Critical Context
Natalia Ginzburg had already established an authorial voice in her earliest stories: “Un’assenza” (an absence), “Casa al mare” (house by the sea), and “La madre” (the mother). In All Our Yesterdays her style is even more firmly defined, as she outdistances her previous work in breadth and ambition.
The relationship of Ginzburg’s voice to the post-nineteenth century tradition of the Italian novel is made clear in two respects in the novel. First, Ginzburg’s polished control of indirect speech (which she prefers over direct dialogue) as the single means of narration places her in a direct line from the Sicilian novelist Giovanni Verga. Verga’s cultivation of this device allowed the characters to speak for themselves, the author to absent himself from the novel, and for an appearance of objectivity. Ginzburg grants her characters autonomy by the same means, while staying closer to them in their sufferings and struggles.

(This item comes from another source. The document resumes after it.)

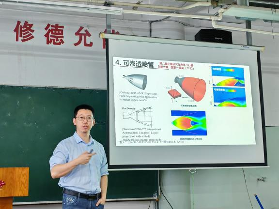 关奔教授的讲座题目为《火箭发动机先进喷管技术中的激波现象及其利用》,他通过一些生活中常见的现象入手,以通俗易懂的方式向同学们讲解了什么是激波,并对传统喷管技术和国内外火箭推进先进喷管技术进行了详细介绍。同时,关奔教授分享了其所在的重点实验室团队在先进推进技术、工程热物理、实验流体力学等领域取得的高水平科研成果,其技术攻关成果对我国相关领域的科技提升具有深远意义。
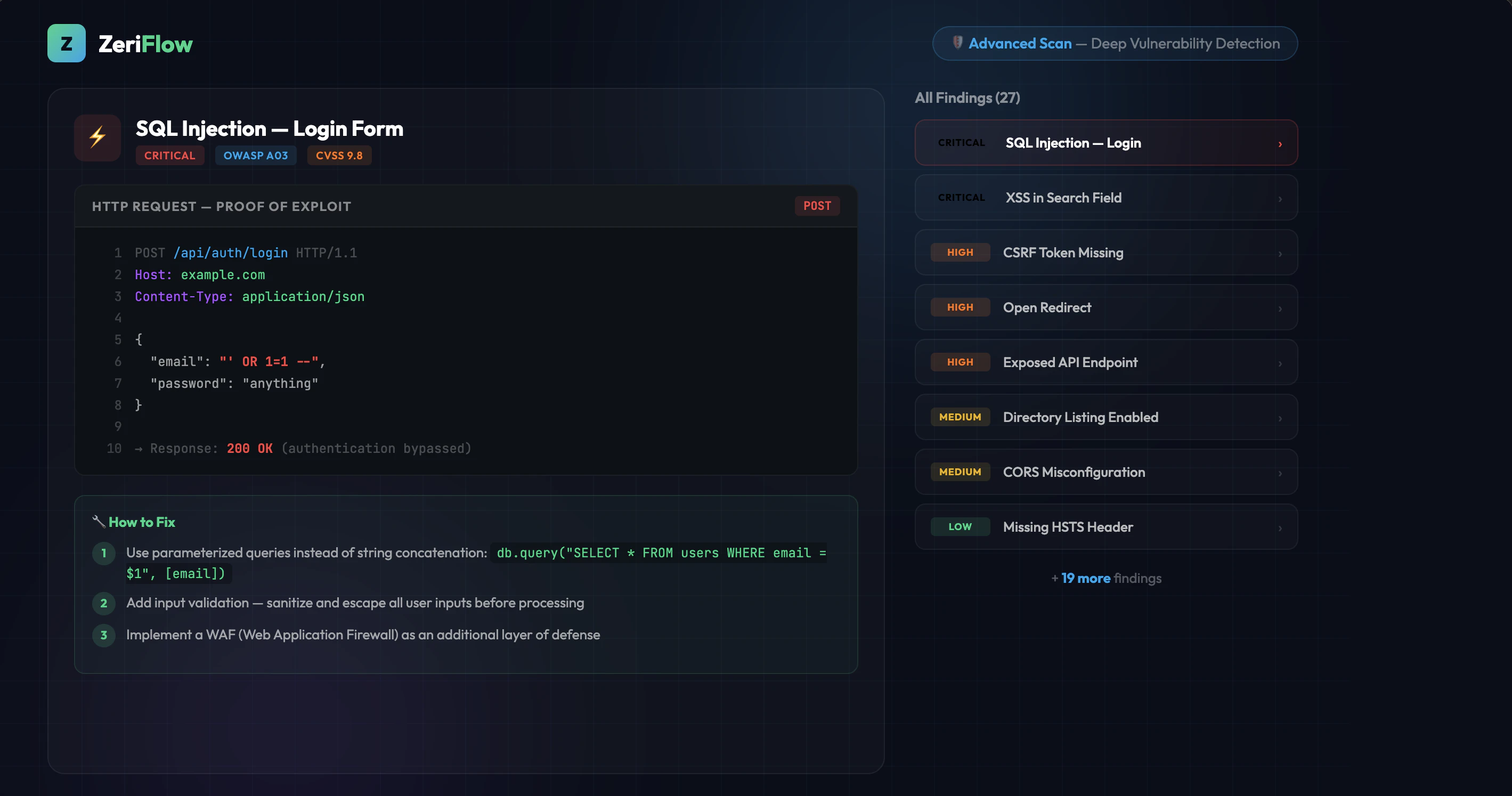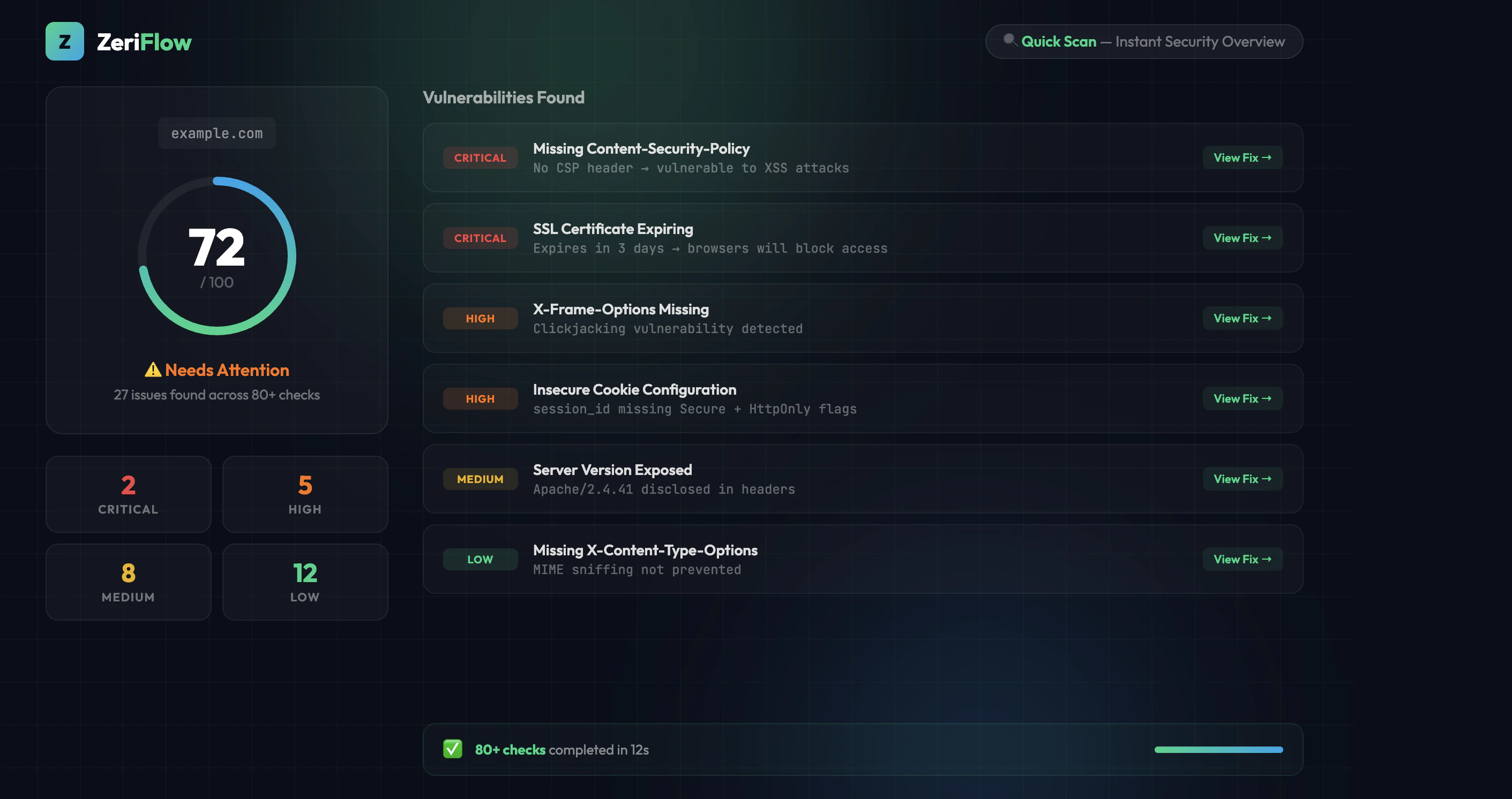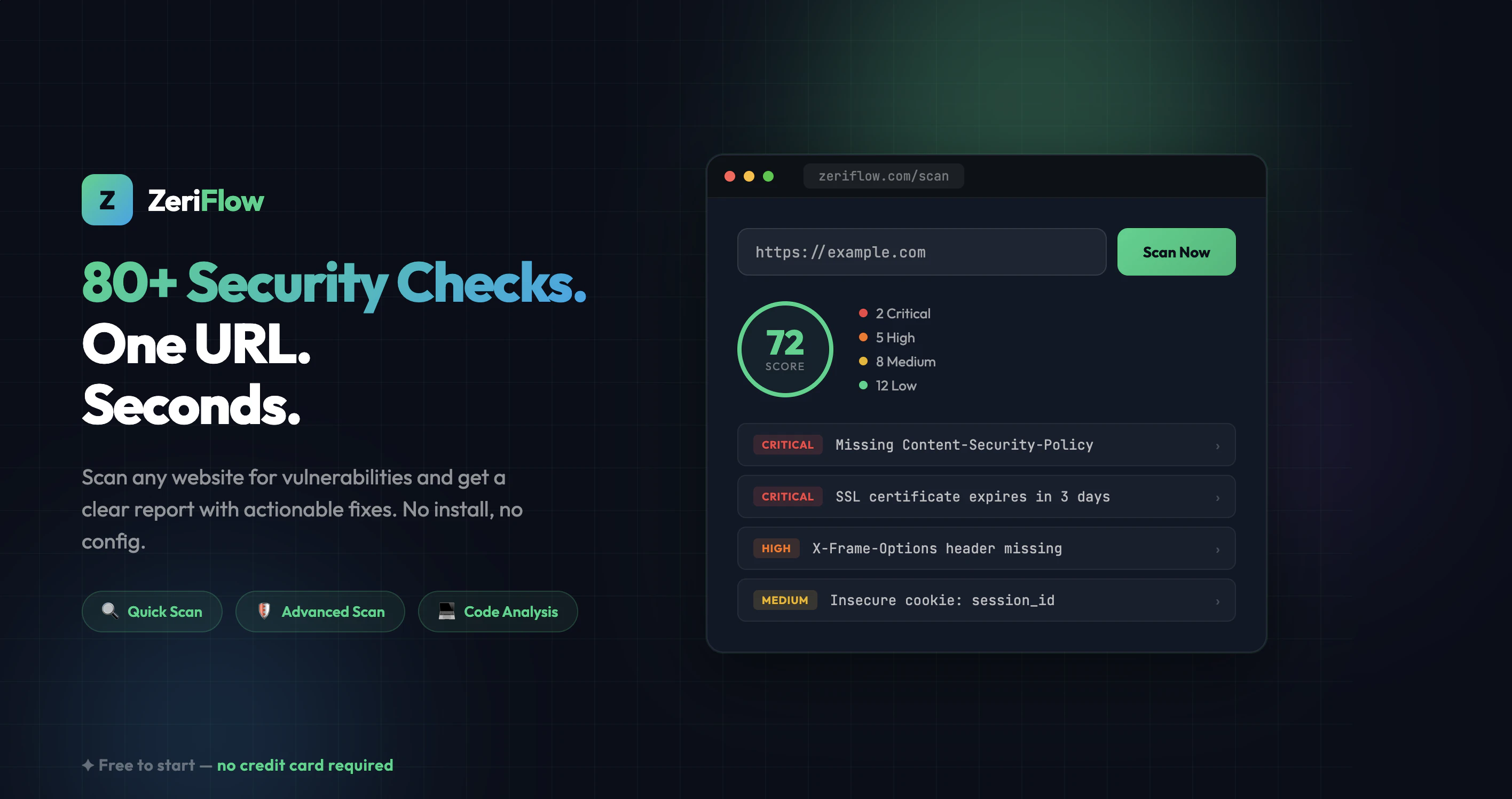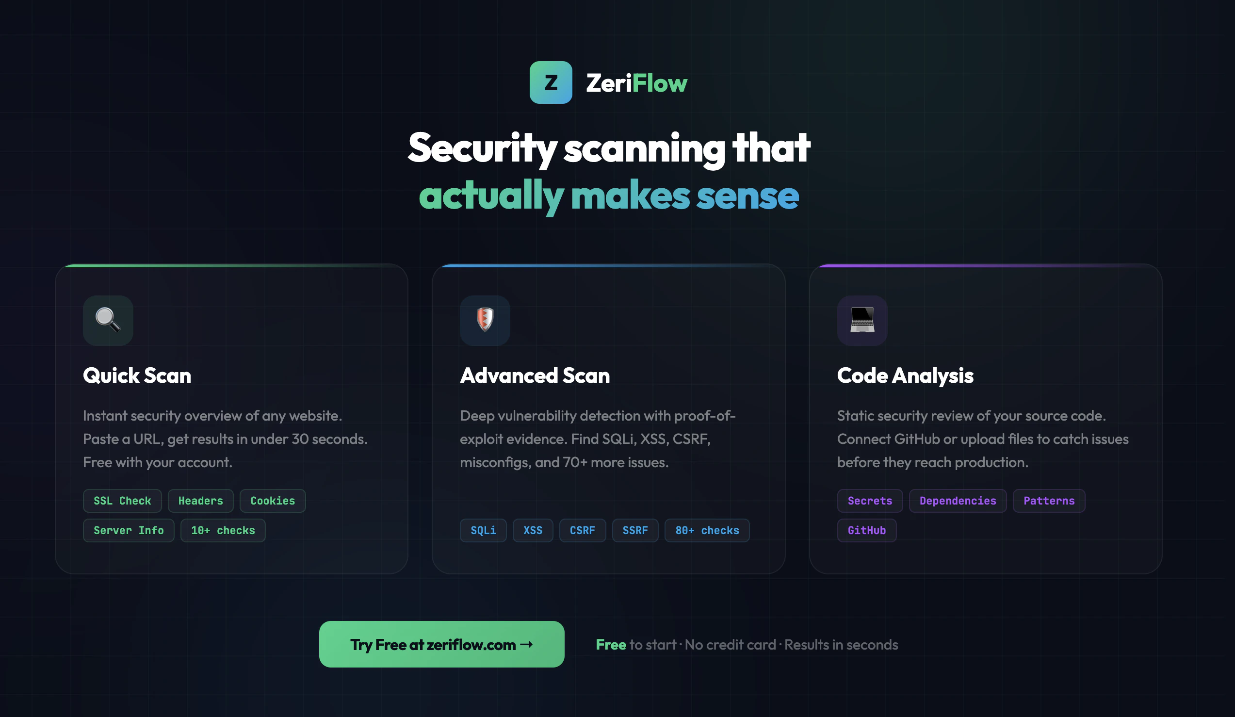 ZeriFlow is a web scanner that runs 80+ non-intrusive checks on any website and delivers a clear vulnerability score with actionable fixes. Quick Scan : Paste a URL, get an instant security overview. Free with an account. Advanced Scan : Deep vulnerability detection: SQLi, XSS, CSRF, exposed endpoints, and 70+ more checks. Code Analysis: Connect GitHub or upload code to catch secrets, vulnerable deps, and insecure patterns. Built for developers who need security without enterprise pricing.

Second, she is more Manzonian than she might admit. Indeed, she has written a comprehensive biography of Alessandro Manzoni, chronicling the domestic life of the Milanese novelist. Since the publication of Manzoni’s I promessi sposi (1827, revised 1840-1842; The Betrothed, 1828, revised 1951), Italian novelists have regularly explored the impact of history on individuals. Ginzburg’s instinct is to limit herself to the vicissitudes of private life, but here, in what might be called her contribution to the resistance novel, she explicitly deals with the effects of Fascism and the war on those who find themselves unable to avoid the flood of history. In All Our Yesterdays, as in the works of Ignazio Silone and Alberto Moravia, history is a constant reminder of the individual’s responsibility to his community—a challenge to which some are equal, while others are not. Seen in this light, history is the crucible of character, and thus the ally of the novelist.